SpringBoot dynamically reads nacos configuration (configuration hot update)

In a microservices architecture, dynamic updating of configurations is critical to application flexibility and maintainability. Spring Cloud provides a mechanism, the @RefreshScope annotation, to implement hot update of configuration. This article will introduce the principle of configuring hot update and the role of @RefreshScope.

Configure hot update principle

The principle of configuration hot update is based on Spring Cloud Config and Spring Cloud Bus.

  1. Spring Cloud Config: Spring Cloud Config allows application configurations to be centrally stored in remote version control repositories (such as Git, SVN), and provides configurations to applications through HTTP or message broker services (such as RabbitMQ, Kafka) information. When the application starts, it will obtain configuration information from the configuration server.

  2. Spring Cloud Bus: Spring Cloud Bus is an event bus used to propagate state changes in distributed systems. It is based on the message broker service. When the application configuration changes, messages can be broadcast through Spring Cloud Bus to notify all related microservice instances for configuration updates.

Combining Spring Cloud Config and Spring Cloud Bus, the process of implementing hot update of configuration is as follows:

  • Developers or operators update configuration files stored in the configuration server.
  • After the configuration server receives the configuration update, it sends a configuration change message to the message broker service through Spring Cloud Bus.
  • After receiving the message, the microservice instance subscribed to the message broker service re-obtains the latest configuration information from the configuration server and applies it to the application.

The role of @RefreshScope

The @RefreshScope annotation is used to mark a Spring Bean, indicating that the properties of the Bean need to be dynamically updated when the configuration changes. When the configuration is updated, the Spring container will re-create the beans with the @RefreshScope annotation, so that the new configuration will take effect.

The specific implementation steps are as follows:

  1. Bean creation phase: When the application starts, the Bean annotated with @RefreshScope is created and initialized. The property values ​​of these beans are populated with the values ​​configured when the application is started.

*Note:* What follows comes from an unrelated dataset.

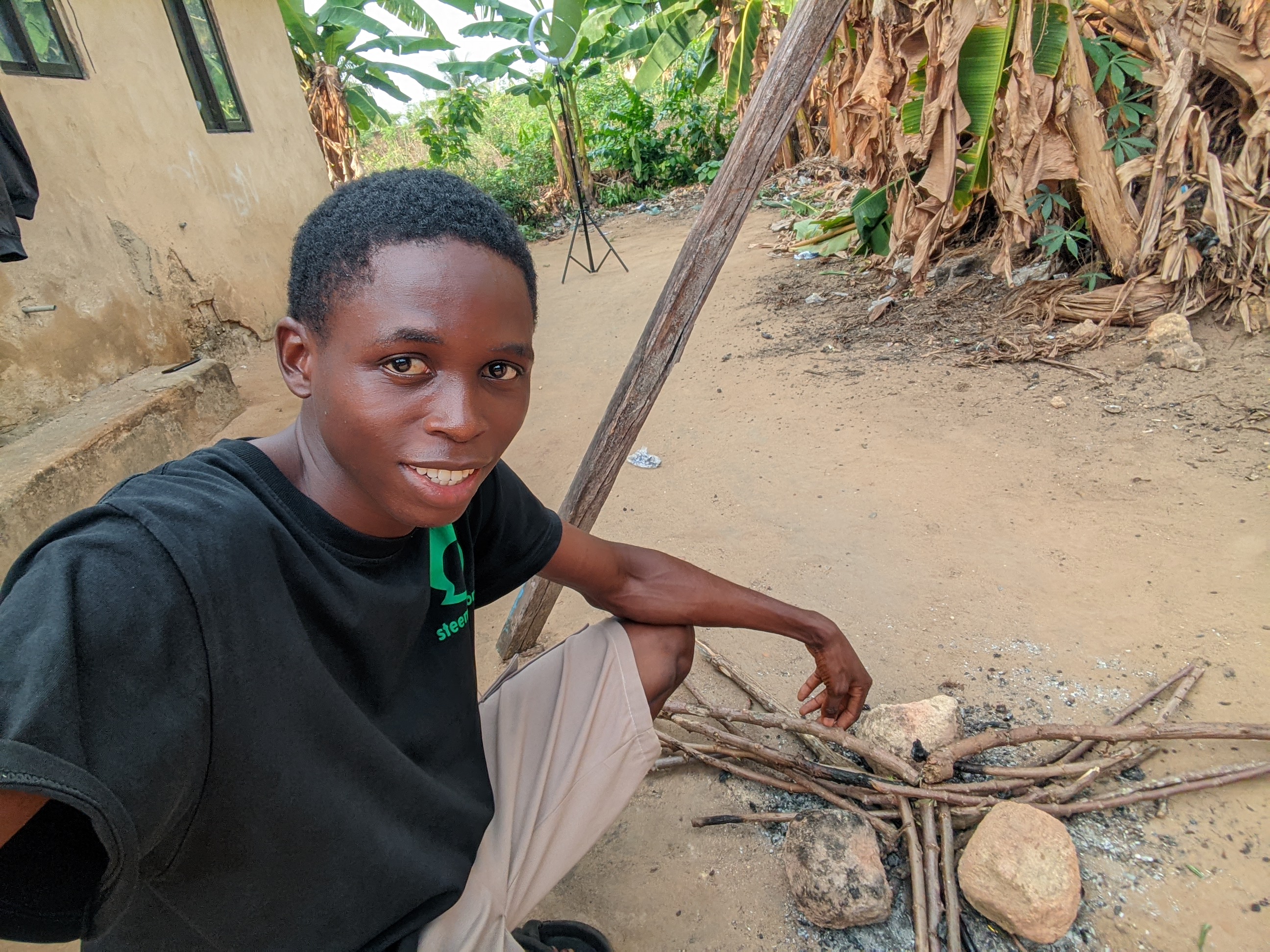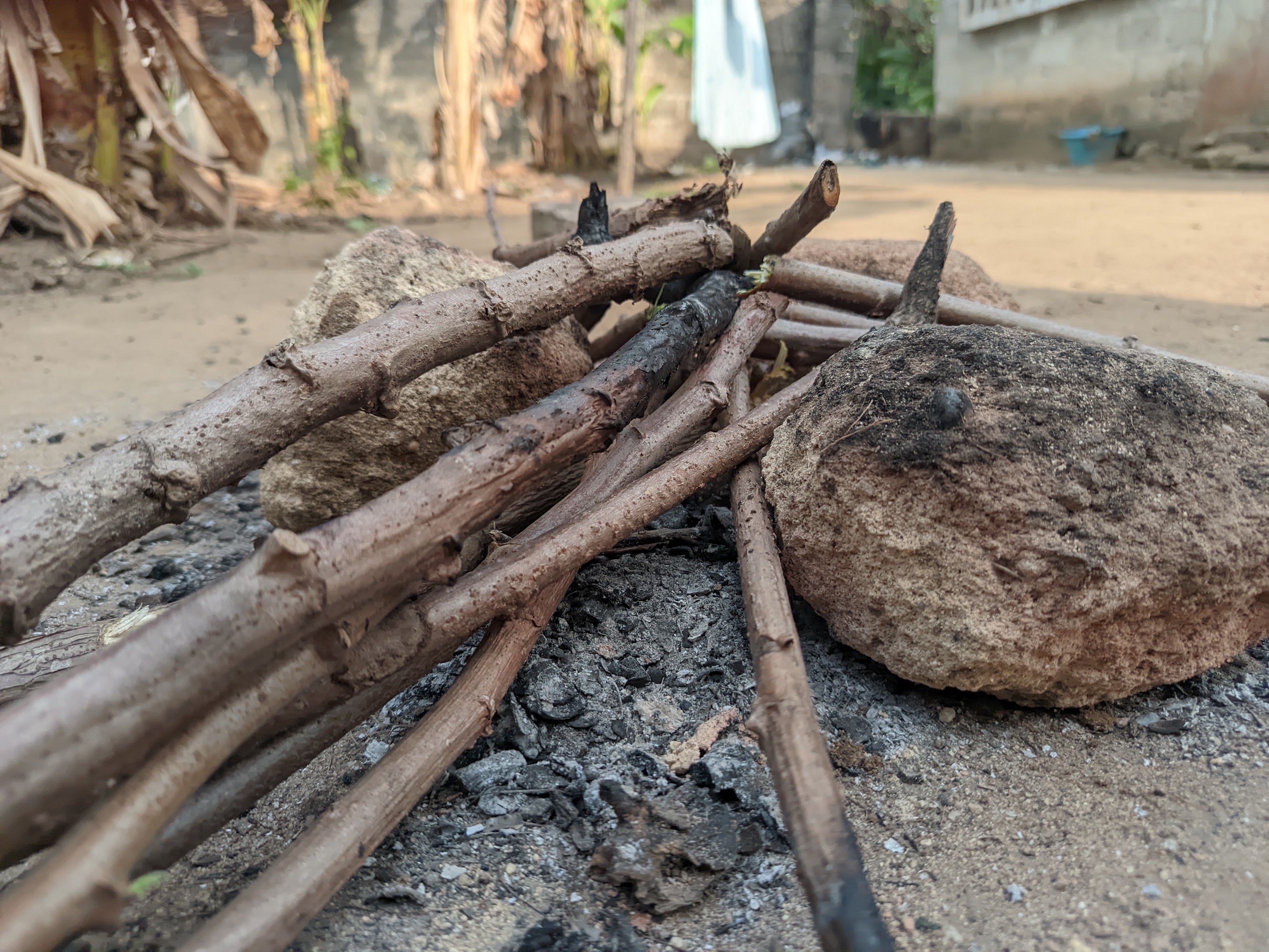 If you look closely you will see that the woods I gathered was in-between the space in the three stones I arranged in form of a tripod stand, a few months ago when I was home in the cold harmattan season, children gathered around fireworks like this to warm them self, another practical use of this fire setting is for cooking with the stones emcompasing this woods about we can place a pot above and cook, we can also use it for roasting fishes but in this case you won't let the fire ignite.

  2. Configuration update phase: When the configuration changes, Spring Cloud Bus broadcasts the configuration change message.

  3. Dynamic Update Phase: After the microservice instance subscribed to the message broker service receives the message, Spring Cloud Config will reload the configuration, and the beans with the @RefreshScope annotation will be marked as “dirty” ( dirty). When the bean is accessed, the Spring container will detect that the bean is “dirty”, re-create and initialize the bean, thereby updating the bean's property values ​​to the latest configuration values.

Example

The following is a simple example that demonstrates how to use @RefreshScope to implement hot update of configuration in Spring Boot:

import org.springframework.beans.factory.annotation.Value;
import org.springframework.cloud.context.config.annotation.RefreshScope;
import org.springframework.web.bind.annotation.GetMapping;
import org.springframework.web.bind.annotation.RestController;

@RestController
@RefreshScope
public class ConfigController {

    @Value("${message:Hello World}")
    private String message;

    @GetMapping("/message")
    public String getMessage() {
        return message;
    }
} 

In this example, the message property is injected with the @Value annotation and annotated with the @RefreshScope. When the configuration changes, the value of the message attribute is dynamically updated.

Practical cases

In the program, I need to read the dynamically configured percentage ratio value but cannot query Mysql every time it is updated (causing IO waste)

You can’t update the project every time (a waste of time)

So choose to use @RefreshScope

import lombok.Data;
import org.springframework.boot.context.properties.ConfigurationProperties;
import org.springframework.cloud.context.config.annotation.RefreshScope;
import org.springframework.stereotype.Component;

/**
 * @author zhangjiaxuan
 */
@Component
@ConfigurationProperties(prefix = "your.nacos.count.path")
@Data
@RefreshScope
public class YourClassName {

    // Here directly andnacosJust match the parameters in
    private Long day;

    private Long year;

}

Then introduce YourClassName.class into the program that needs to dynamically read parameters (define the name here)

@Resource
YourClassName yourClassName;

Then directly yourClassName.get

You can dynamically read the configuration on nacos

in conclusion

Through Spring Cloud Config and Spring Cloud Bus, as well as the @RefreshScope annotation, we can achieve hot update of configuration, thereby improving the flexibility and maintainability of applications under the microservice architecture. Configuration hot update enables applications to dynamically adapt to changing environments at runtime, providing basic support for continuous integration and continuous deployment.